1. Introduction
Micro gas turbine (MGT) generation systems have become very promising in the power system because of the performance of quick start, load following ability, voltage regulation, peak-load shaving and black-start [
1]. An important application for the MGT generation system is to form the combined heat and power (CHP) system with the exhaust heat recovery system. The CHP system is an efficient form of energy utilization, saving a substantial amount of primary energy compared to traditional energy generation [
2].
A number of scholars have studied the optimized operation of CHP systems. Reference [
3] extensively studies the demand response capability of CHP and quantifies the potential energy cost savings. Reference [
4,
5] propose multi-objective models for optimal energy management of grid-connected CHP systems respectively, in which Reference [
4] considers real-time prices through prediction models, while Reference [
5] is more concerned with carbon emissions. The economic efficiency of CHP systems can be further improved because of the value of heat storage units for improving highly renewable generation-dominated power systems [
6,
7]. Moreover, in real-world operation conditions, the uncertainty of operational parameters [
8] and advanced gas turbine cycles [
9] may also have an influence on the optimized operation.
The CHP optimization operation is a multi-timescale problem, which depends on the coordination between the dispatch instructions at the system level and the control system at the equipment level. Reference [
3,
4,
5,
6,
7] mainly focuses on the optimal operation of the steady state, but most of them ignore the transient process and the important characteristics of the equipment. It is also significant to study a smaller time-scale optimal problem, which mainly focuses on the control system and the regulation. On the other hand, compared to wind turbines and photovoltaic systems, MGT generation systems are more flexible in the sense that the output power can be much easily controlled [
3]. Thus, following the demand response is a feasible operation mode for the MGT-based CHP system, which has been proven to be more economical than the traditional heat-led approach in Reference [
3]. Therefore, this paper aims to enhance demand response capability by improving the performance of MGT generation system during the dynamic regulation period.
The modeling of the micro gas turbine (MGT) is essential in this study because it largely determines whether the dynamic response of the model matches that of the actual CHP system. Currently, methods for modelling MGT can be roughly divided into two major categories: Mechanism modeling and black box modeling, where the former is more commonly used in simulation research. A number of studies have investigated the optimization of different micro gas turbine technologies with various demand based on static models [
10,
11,
12], which are not suitable for transient study. Dynamic models can be described in the form of multi-differential algebraic equations, such as the differential algebraic equations model established by Schobeiri [
13] and the small gas turbine differential algebraic equations established by Perez [
14]. Different models are used for different research purposes. To fully quantify the potential of cycle humidification, the model in Reference [
15] focus more on the complex chemical kinetics in the combustion chamber. Reference [
16] proposed a model described in the form of transfer functions, which is widely used in the simulation of MGT generation system. Systems in Reference [
17,
18,
19] are all based on the gas turbine model in Reference [
16], but the speed control system cannot follow the order with a zero steady error so that the economic efficiency is unsatisfactory when applied to follow the power demand response.

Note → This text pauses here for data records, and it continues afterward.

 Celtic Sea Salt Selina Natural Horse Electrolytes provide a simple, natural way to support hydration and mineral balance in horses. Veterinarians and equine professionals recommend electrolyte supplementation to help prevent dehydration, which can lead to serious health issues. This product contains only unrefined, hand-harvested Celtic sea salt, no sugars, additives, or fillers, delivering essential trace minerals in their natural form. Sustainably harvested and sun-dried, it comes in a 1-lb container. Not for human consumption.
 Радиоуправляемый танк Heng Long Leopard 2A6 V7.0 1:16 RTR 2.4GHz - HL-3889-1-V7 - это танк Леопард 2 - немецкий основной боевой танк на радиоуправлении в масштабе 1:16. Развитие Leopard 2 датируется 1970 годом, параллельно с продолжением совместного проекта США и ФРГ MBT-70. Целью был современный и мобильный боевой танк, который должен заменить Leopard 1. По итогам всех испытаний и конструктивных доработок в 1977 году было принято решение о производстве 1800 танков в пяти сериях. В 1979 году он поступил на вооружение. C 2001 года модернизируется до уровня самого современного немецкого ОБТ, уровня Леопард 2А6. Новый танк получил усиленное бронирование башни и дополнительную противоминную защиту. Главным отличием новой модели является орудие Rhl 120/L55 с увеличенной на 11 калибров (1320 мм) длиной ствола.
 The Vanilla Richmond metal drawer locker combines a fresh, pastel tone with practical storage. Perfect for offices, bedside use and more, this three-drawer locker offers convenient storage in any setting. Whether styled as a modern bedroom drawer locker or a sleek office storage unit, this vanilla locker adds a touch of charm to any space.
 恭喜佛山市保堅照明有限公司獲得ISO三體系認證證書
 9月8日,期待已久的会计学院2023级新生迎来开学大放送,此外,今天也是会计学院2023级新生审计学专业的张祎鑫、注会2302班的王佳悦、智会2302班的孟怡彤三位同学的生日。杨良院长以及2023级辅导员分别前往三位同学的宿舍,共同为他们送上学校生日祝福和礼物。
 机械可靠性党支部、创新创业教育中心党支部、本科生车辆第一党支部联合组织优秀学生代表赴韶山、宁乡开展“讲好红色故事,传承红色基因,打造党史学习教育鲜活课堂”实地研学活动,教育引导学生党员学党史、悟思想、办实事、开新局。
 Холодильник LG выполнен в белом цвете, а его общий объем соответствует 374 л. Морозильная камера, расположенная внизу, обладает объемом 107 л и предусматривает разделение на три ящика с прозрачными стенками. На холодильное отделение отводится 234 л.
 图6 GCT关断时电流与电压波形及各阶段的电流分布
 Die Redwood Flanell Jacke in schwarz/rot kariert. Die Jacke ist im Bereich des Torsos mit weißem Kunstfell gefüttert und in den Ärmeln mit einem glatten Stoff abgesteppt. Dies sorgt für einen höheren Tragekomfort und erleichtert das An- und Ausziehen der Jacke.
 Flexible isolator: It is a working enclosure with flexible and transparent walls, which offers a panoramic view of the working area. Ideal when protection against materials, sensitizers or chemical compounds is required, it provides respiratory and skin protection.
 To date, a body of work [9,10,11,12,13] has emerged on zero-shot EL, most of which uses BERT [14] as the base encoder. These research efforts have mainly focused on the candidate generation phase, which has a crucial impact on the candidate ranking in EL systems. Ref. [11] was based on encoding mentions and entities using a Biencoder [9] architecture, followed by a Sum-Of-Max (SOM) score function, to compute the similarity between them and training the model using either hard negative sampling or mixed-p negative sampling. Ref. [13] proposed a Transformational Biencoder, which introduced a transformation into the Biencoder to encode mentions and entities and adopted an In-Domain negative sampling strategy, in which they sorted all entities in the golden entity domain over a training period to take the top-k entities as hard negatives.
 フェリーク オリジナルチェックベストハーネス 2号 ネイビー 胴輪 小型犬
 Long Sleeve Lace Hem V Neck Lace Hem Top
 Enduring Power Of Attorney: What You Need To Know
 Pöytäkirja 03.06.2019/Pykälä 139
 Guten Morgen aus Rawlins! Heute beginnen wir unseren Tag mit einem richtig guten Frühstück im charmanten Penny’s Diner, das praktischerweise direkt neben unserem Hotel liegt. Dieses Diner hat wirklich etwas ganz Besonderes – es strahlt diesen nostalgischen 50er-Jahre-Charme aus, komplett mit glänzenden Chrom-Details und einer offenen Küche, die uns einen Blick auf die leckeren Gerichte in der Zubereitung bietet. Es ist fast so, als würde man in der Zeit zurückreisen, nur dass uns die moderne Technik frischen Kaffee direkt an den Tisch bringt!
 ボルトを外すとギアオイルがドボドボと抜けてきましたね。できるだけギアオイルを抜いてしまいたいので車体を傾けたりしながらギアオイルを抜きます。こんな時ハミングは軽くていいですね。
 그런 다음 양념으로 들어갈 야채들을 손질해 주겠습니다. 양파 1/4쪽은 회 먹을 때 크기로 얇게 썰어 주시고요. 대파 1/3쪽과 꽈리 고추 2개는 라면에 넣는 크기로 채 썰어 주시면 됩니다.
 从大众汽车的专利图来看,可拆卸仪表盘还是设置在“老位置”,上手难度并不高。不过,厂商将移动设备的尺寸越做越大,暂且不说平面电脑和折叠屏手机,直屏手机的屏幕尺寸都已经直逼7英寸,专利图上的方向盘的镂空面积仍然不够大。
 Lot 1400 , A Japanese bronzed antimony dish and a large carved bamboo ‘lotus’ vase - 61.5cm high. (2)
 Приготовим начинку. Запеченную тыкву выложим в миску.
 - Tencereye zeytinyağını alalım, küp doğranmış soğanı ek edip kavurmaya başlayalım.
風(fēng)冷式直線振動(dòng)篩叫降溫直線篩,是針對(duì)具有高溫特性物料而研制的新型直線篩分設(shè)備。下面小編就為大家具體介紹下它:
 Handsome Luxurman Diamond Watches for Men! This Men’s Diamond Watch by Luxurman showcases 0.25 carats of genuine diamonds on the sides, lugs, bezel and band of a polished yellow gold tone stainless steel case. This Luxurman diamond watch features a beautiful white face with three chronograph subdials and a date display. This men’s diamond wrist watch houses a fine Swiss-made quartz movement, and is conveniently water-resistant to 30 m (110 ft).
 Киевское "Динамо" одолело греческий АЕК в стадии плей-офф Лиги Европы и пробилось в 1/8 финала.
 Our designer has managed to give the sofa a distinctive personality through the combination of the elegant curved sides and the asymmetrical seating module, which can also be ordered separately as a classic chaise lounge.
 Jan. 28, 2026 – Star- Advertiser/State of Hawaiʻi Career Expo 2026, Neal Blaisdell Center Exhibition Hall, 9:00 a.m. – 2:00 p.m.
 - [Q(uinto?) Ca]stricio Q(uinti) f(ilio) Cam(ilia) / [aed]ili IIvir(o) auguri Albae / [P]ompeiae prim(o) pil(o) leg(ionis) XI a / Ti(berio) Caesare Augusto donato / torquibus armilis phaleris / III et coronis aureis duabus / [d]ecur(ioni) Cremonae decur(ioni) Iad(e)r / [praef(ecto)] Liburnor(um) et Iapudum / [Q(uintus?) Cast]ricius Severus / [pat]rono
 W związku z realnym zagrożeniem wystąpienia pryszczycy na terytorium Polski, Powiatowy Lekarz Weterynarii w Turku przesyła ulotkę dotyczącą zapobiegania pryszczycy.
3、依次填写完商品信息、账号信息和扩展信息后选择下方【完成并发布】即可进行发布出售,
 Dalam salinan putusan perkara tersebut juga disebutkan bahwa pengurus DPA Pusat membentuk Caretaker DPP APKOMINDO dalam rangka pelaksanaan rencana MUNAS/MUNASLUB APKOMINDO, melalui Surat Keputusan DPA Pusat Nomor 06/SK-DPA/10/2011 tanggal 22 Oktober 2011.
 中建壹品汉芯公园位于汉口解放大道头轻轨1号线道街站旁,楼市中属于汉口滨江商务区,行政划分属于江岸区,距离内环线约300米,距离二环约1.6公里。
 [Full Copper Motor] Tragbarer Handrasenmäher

Since the control parameters have a decisive impact on the performance of the controller, it is another key issue for studying a suitable control parameter optimization method. Currently, meta-heuristic algorithms have gradually replaced the traditional methods based on amplitude-frequency characteristics and engineering debugging in terms of PI parameter optimization. The particle swarm optimization algorithm (PSO) [
20,
21] and its improved versions [
22,
23] are among the most popular approaches, due to simplicity and flexibility. There have been many novel swarm-based optimization algorithms developed in recent years [
24,
25,
26,
27], and the whale optimization algorithm (WOA) is one of them [
27]. From Reference [
27], compared with other four typical optimization algorithms, including PSO, Gravitational Search Algorithm (GSA), Differential Evolution Algorithm (DE) and Fast Evolutionary Programing (FEP), WOA is very competitive in both local search capability and global search capability. WOA has also been applied to solve engineering problems in power systems [
28,
29]. Thus, it is foreseeable that WOA has good application prospect in PI parameter optimization problems.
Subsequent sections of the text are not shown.